Data supplied:
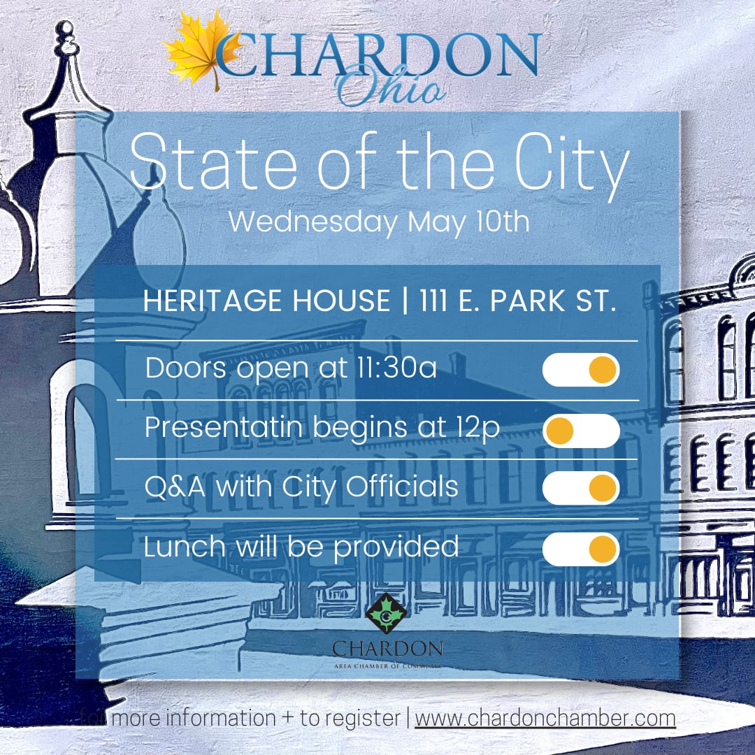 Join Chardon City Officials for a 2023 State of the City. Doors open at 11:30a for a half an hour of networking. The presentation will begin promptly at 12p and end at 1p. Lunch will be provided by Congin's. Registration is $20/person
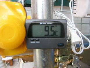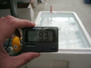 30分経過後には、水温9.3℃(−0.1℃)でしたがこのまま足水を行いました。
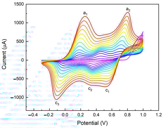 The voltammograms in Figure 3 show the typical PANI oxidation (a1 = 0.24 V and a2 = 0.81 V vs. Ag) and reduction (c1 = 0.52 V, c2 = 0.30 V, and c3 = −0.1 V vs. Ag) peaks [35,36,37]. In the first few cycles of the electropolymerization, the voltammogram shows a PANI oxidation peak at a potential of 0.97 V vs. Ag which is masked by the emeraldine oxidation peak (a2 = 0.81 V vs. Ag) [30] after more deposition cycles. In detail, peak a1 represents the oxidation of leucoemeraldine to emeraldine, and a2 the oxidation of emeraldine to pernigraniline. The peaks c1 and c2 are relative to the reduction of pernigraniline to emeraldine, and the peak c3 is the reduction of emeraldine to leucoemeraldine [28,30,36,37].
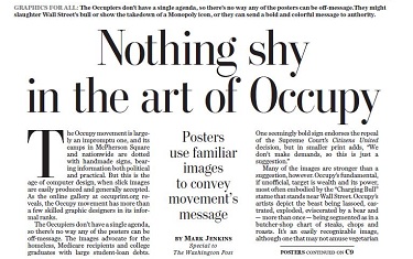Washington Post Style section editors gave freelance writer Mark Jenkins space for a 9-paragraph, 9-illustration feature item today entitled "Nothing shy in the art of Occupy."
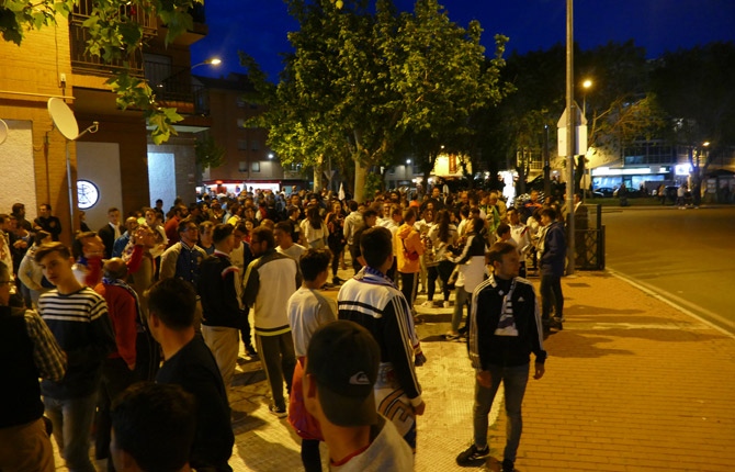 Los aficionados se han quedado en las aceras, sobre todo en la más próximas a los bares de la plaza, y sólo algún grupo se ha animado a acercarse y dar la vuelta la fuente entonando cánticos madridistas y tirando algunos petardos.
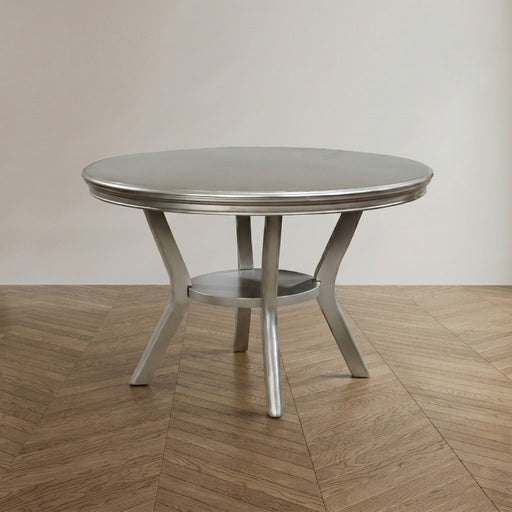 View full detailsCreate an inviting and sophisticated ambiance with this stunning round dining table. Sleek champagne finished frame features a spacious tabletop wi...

* * *

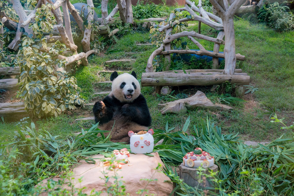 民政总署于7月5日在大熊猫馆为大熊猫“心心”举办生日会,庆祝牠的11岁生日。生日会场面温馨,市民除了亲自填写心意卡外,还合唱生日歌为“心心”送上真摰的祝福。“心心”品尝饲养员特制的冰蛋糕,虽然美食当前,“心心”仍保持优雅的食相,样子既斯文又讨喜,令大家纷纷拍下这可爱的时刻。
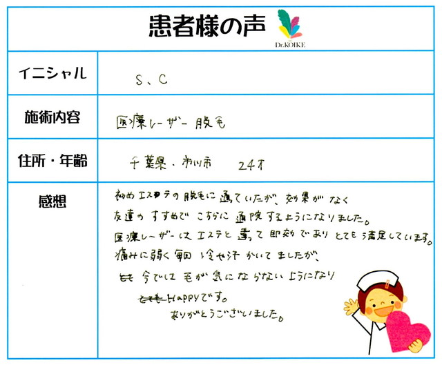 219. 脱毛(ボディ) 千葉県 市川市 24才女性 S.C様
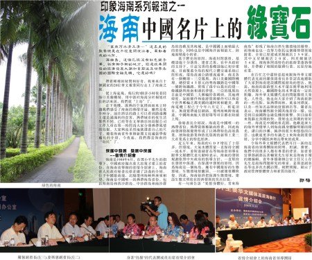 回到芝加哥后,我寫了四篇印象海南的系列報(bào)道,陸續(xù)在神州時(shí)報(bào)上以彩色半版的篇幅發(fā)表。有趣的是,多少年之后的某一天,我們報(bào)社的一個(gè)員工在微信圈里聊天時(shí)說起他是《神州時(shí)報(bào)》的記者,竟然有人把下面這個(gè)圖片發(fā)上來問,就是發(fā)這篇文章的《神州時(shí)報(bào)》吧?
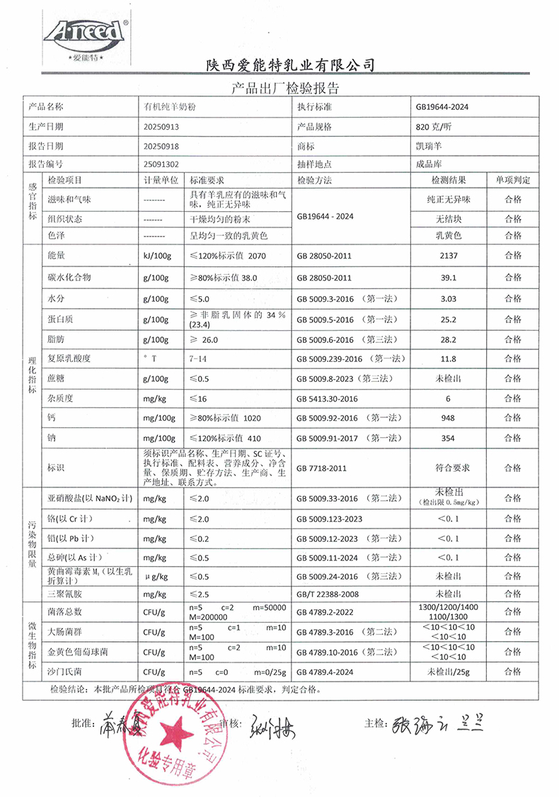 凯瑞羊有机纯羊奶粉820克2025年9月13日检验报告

---

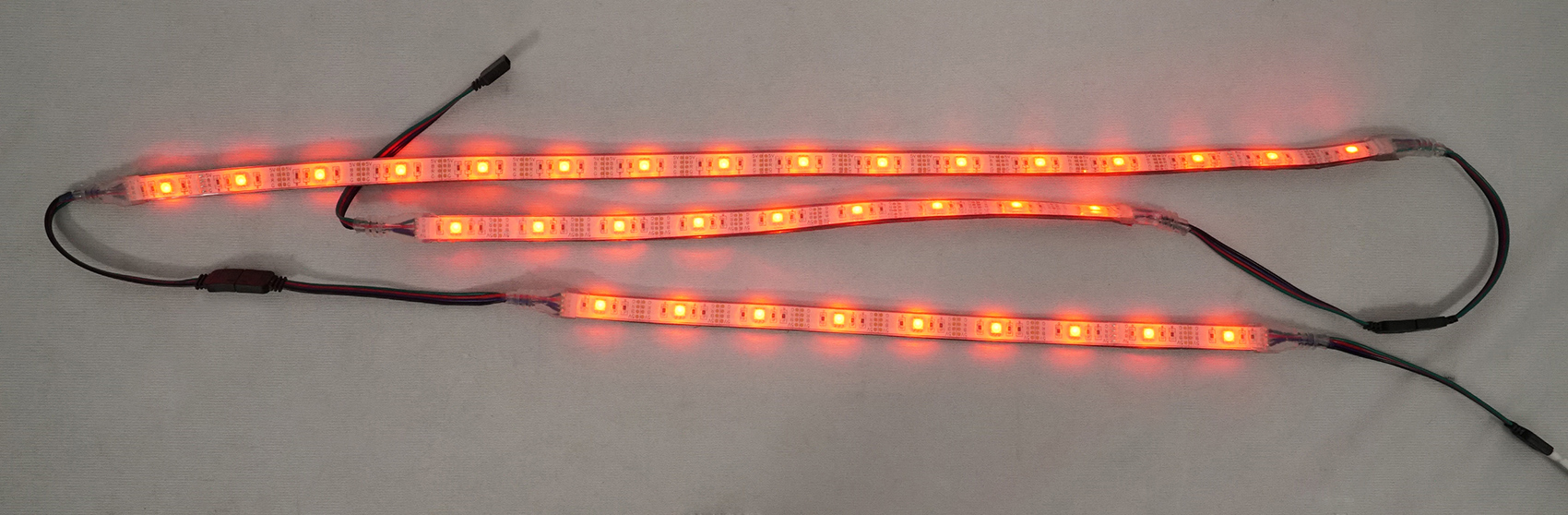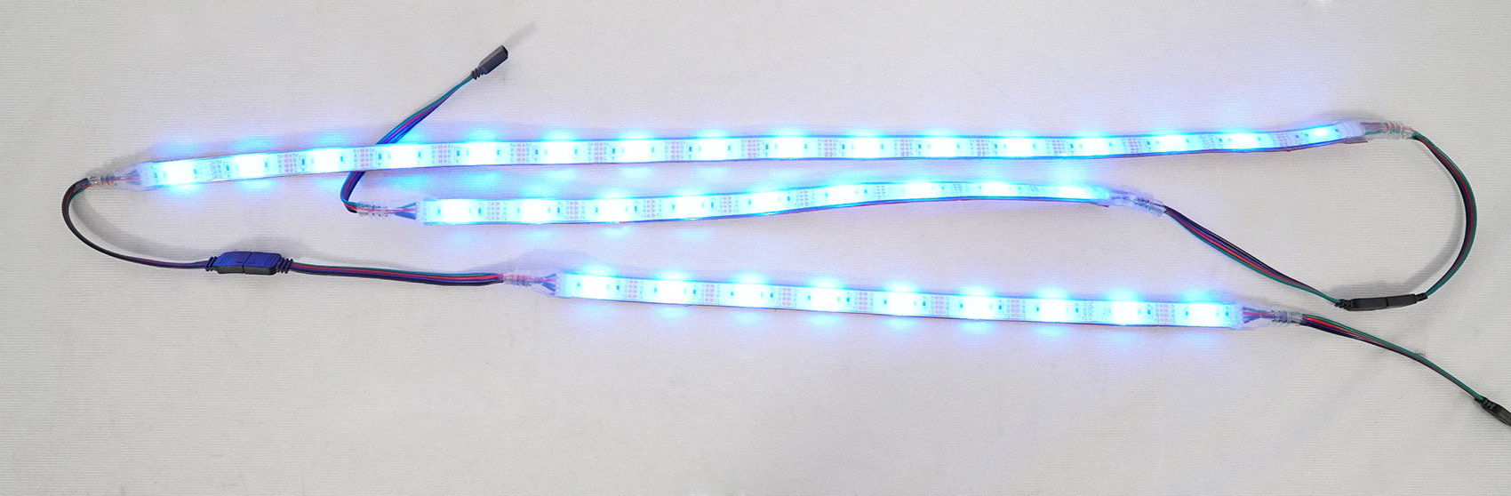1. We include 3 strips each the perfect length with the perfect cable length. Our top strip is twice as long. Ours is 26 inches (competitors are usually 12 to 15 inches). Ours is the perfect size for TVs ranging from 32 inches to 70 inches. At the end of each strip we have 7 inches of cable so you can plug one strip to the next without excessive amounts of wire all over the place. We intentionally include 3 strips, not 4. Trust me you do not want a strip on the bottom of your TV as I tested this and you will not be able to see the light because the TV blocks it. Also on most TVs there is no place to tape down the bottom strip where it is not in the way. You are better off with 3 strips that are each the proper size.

Assigned task: The reply should hold exactly the lines above, starting at the line with "219. 脱毛(ボディ) 千葉県 市川市 24才女性 S.C様" and ending at the line with "凯瑞羊有机纯羊奶粉820克2025年9月13日检验报告", and no pictures.

Your solution:
 219. 脱毛(ボディ) 千葉県 市川市 24才女性 S.C様
 回到芝加哥后,我寫了四篇印象海南的系列報(bào)道,陸續(xù)在神州時(shí)報(bào)上以彩色半版的篇幅發(fā)表。有趣的是,多少年之后的某一天,我們報(bào)社的一個(gè)員工在微信圈里聊天時(shí)說起他是《神州時(shí)報(bào)》的記者,竟然有人把下面這個(gè)圖片發(fā)上來問,就是發(fā)這篇文章的《神州時(shí)報(bào)》吧?
 凯瑞羊有机纯羊奶粉820克2025年9月13日检验报告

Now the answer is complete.